ROE(株主資本利益率、自己資本利益率など)は、株主資本に対する利益の割合を示す。高ければ高いほど、投下した株主資本に対しての最終利益が高い、つまり株主から見れば高ければ高いほど配当や自社株買いなど株主に還元する能力が高いという意味になる。
公式は、当期純利益 / 株主資本 で表す。
こうした分数指標は経営の現場では気を付ける必要がある。
本来は、分子(当期純利益)を上げることが大切なのに、分数指標であるため、分子と分母のバランスを重視してしまう可能性がある。
そうすると、企業の本来の目的である、事業の成長で当期利益を獲得するということから、財務や経営管理部門などが財務テクニックと社内権力を使い、分子(当期利益)を上げるためのコストカットや、分母を下げるための自社株買いなどを引き起こす。
2014年に、経済産業省より出された、「『持続的成長への競争力とインセンティブ~企業と投資家の望ましい関係構築~』プロジェクト」の最終報告書(通称、伊藤レポート)は、このROEを8%を目標値に据えた。
その結果、大手企業を中心に、ミドルシニア世代の早期退職制度(コストカット)と、発行済株式の買い戻し(自社株買い)が同時に起こった。経済が好況下の中でもリストラが増加する一方、自社株買いは2013年度は2兆円に満たなかったが、2022年度は9兆円規模になった。
つまり、大手企業は事業や人への投資を抑え、株主に報いる方向にお金を使ってきた。
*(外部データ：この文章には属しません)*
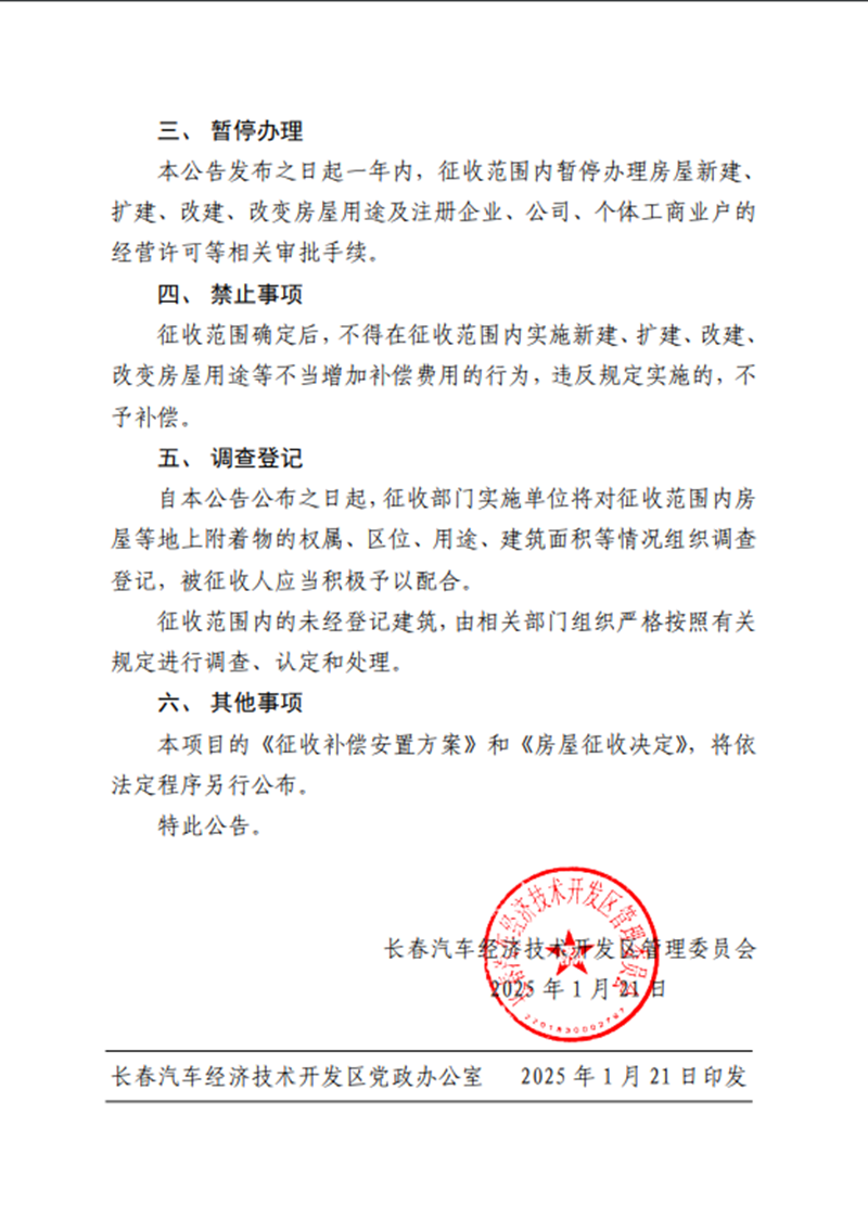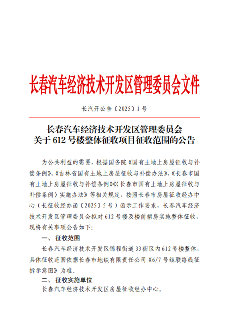 长春汽车经济技术开发区管理委员会关于612号楼整体征收项目征收范围的公告

皮肉にもそれに貢献したのが持続的な企業の成長を目指す”伊藤レポート”である。
企業の持続的成長を目指す目的が、短期的株主資本主義への転換を加速した。
伊藤レポートの問題点は、"ROE8%"という分数の指標を重視することによる経営の多角的視点が欠けていることにある。
前述の通り本来は「分母が固定又は高まっても、分子がそれ以上に成長すること」を見るべきなのに、単に分数の結果を指標化したために、想定外の結果になることを軽視したためではないか。一つの単純な指標が、複雑な企業経営という現場でどのような事態を引き起こすかの配慮に欠けていたのではないかと思う。
国や大学の偉い人が言っているからではなく、どのように経営し、何が自社にとって望ましいかを考えることは、経営の本質ではないかと考える。